To create a stream model you need the following files:
- the IMAGE file
- a MASK of all nearby, and overlapping sources
- if other stars or galaxies contaminate the stream's central region, create an additional INTERPOLATION MASK for sources to interpolate over
All have to be the same size, otherwise an error is raised. RGB .TIF, .jpg or .png does not work, they need to be in gray scale .fits format. The IMAGE header must contain the following keys:
- 'FILTER' : char, the band in which the image was taken.
- 'PSF' : float, the mean FWHM of the sources across the image in arc seconds.

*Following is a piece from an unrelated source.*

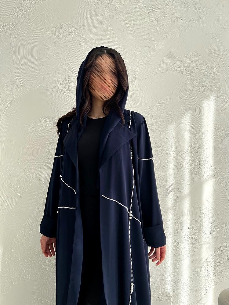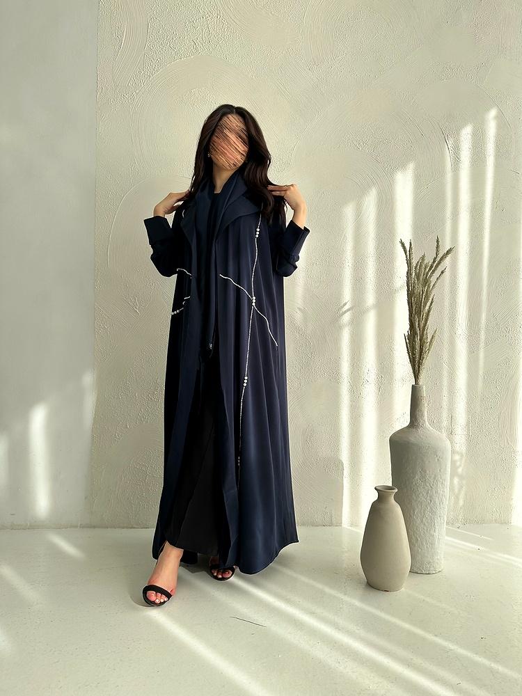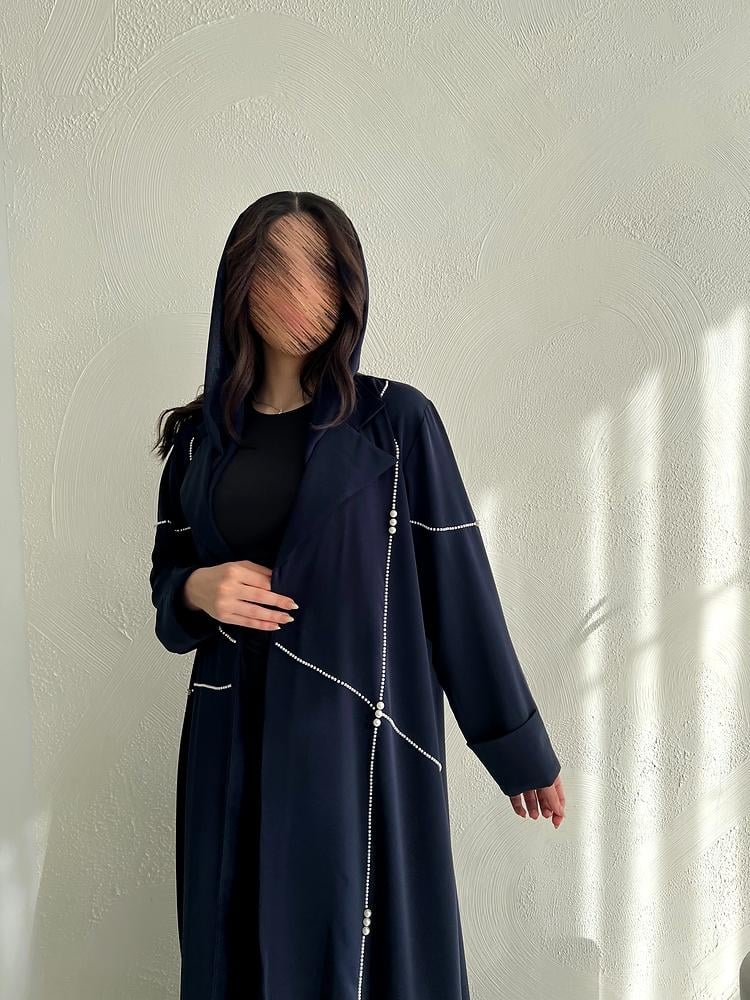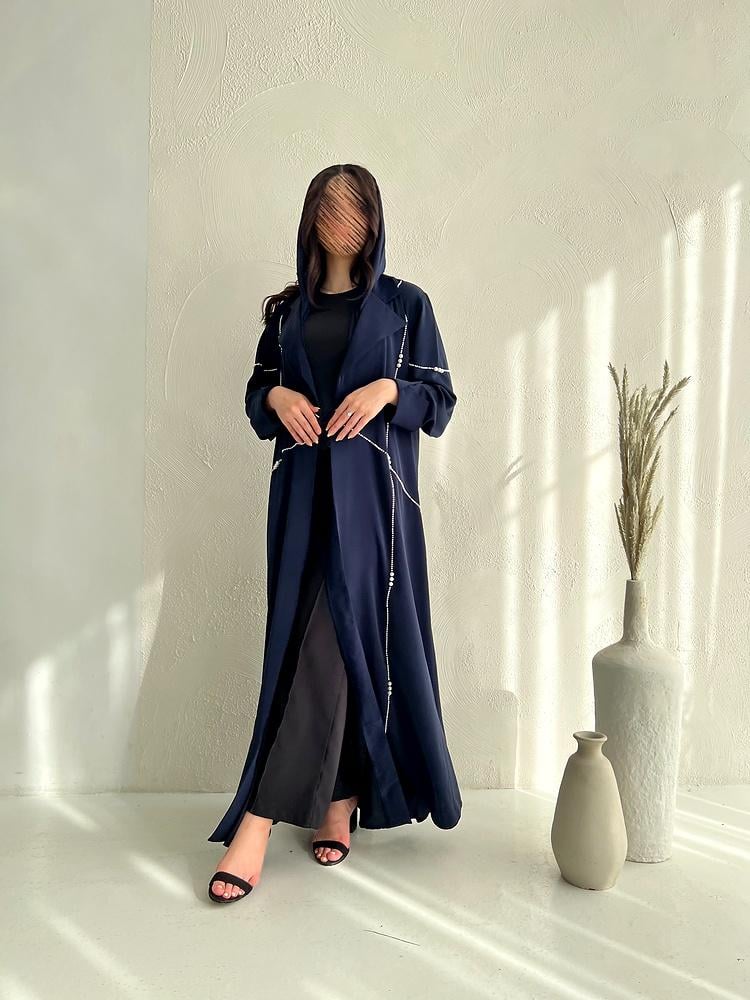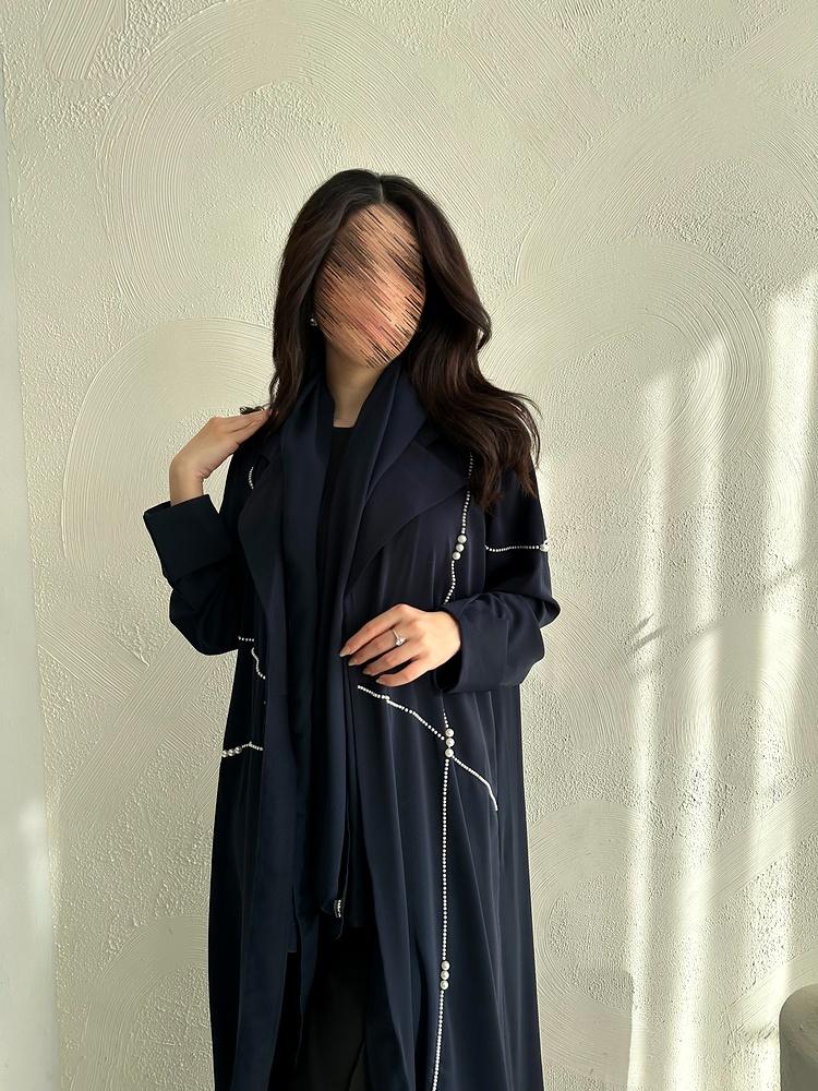 يزين التصميم خطوط أنيقة من حبات اللؤلؤ اللامعة، تمتد بتناغم على الجانبين بطريقة فنية تمنح العباية لمسة عصرية تلفت الأنظار دون مبالغة. أما قصة العباية فهي انسيابية وفضفاضة مع أكمام مستقيمة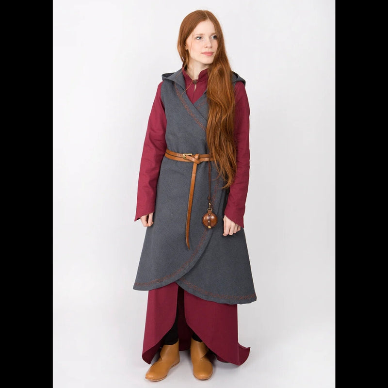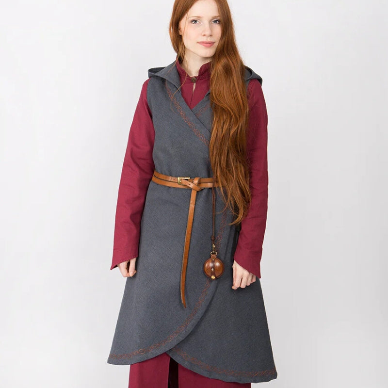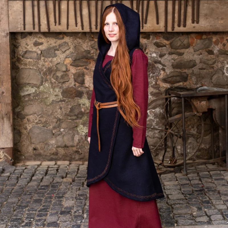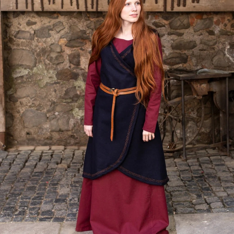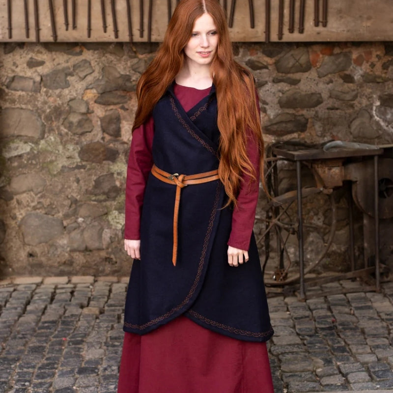 Tauchen Sie ein in die wilde Schönheit der nordischen Winter mit dem Wickelkleid Myrana. Dieses aus warmem Wollfilz gefertigte Kleid bietet unübertroffenen Komfort und Widerstandsfähigkeit und spiegelt den beständigen Geist der Wikingerfrauen wider, die den Elementen mit Kraft und Anmut trotzten. Die Stickerei an den Rändern vermittelt einen Hauch von Raffinesse und erinnert an alte nordische Kunst.

If there is no interest in the true intrinsic shape parameters of the stream set it to 1.
- 'PXSCALE' : float, the pixel scale of the image in arc seconds/pixel.
- 'ZP' : float, the photometric zero point.

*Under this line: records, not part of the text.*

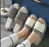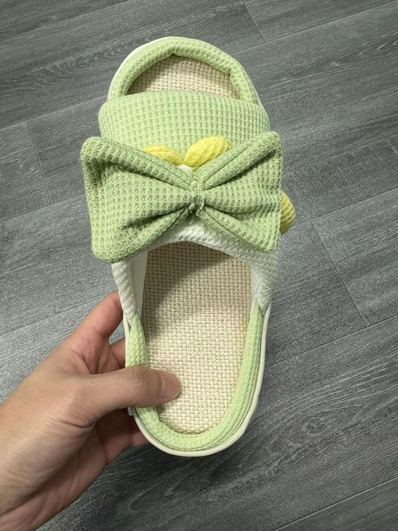 Zapatillas de lino para mujer, estilo princesa, con lazo, suela gruesa de primavera y verano, antideslizantes para interiores, zapatillas transfronterizas para las cuatro estaciones, venta al por mayor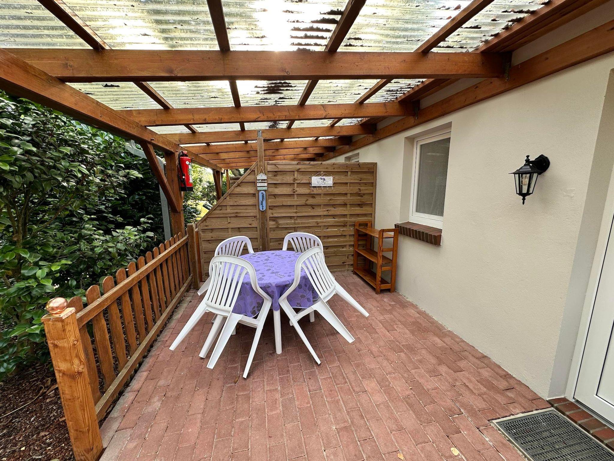 Eigene überdachte Terrasse mit Tisch, Stühlen und Entspannungsliegen, Kindertisch mit Bänken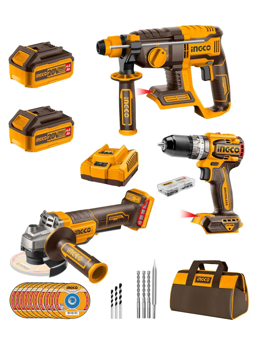 Набор аккумуляторного инструмента INGCO COSLI240202 INDUSTRIAL 20 В 3 шт. В набор входит: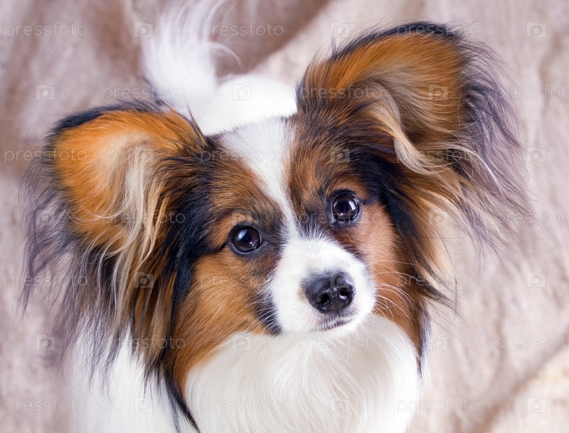 Собака породы "папиллон" на белом фоне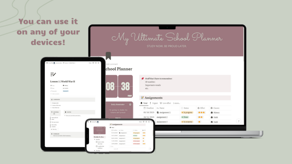 You'll get a full Notion template, that includes an assignment manager, a database to your courses and a section to your lesson notes.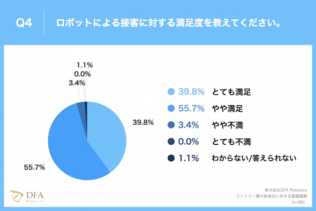 「ロボットでの配膳/下膳を受けたことがあるか?」という質問に対し、「はい」が80.8%、「いいえ」が18.3%という回答となりました。また、「ロボットによる接客を受けたことがある」(「はい」)と回答した方に、「ロボットによる接客に満足しているか?」という質問に対し、「とても満足」が39.8%、「やや満足」が55.7%と95.5%がロボットでの配膳/下膳に満足していることがわかりました。

- 'ZSTREAM' : float, the redshift of the Stream
First import all necessary classes and methods and define the files as variables.
from astrostreampy.Image.stream import Stream
from astrostreampy.Image.point import Point
from astrostreampy.BuilModel.autobuild import Model
from astrostreampy.BuildModel.modify import Modifier
from astrostreampy.BuildModel.aperture import fwhm_mask_from_paramtab
from astrostreampy.Image.measure import StreamProperties
image = "image.fits"
mask = "mask.fits"
intmask = "interpolationmask.fits"
Start by applying the masks using the Stream
class. Note that the masks are parsed as a list. This allows for multiple masks of the same type to be applied simultaneously.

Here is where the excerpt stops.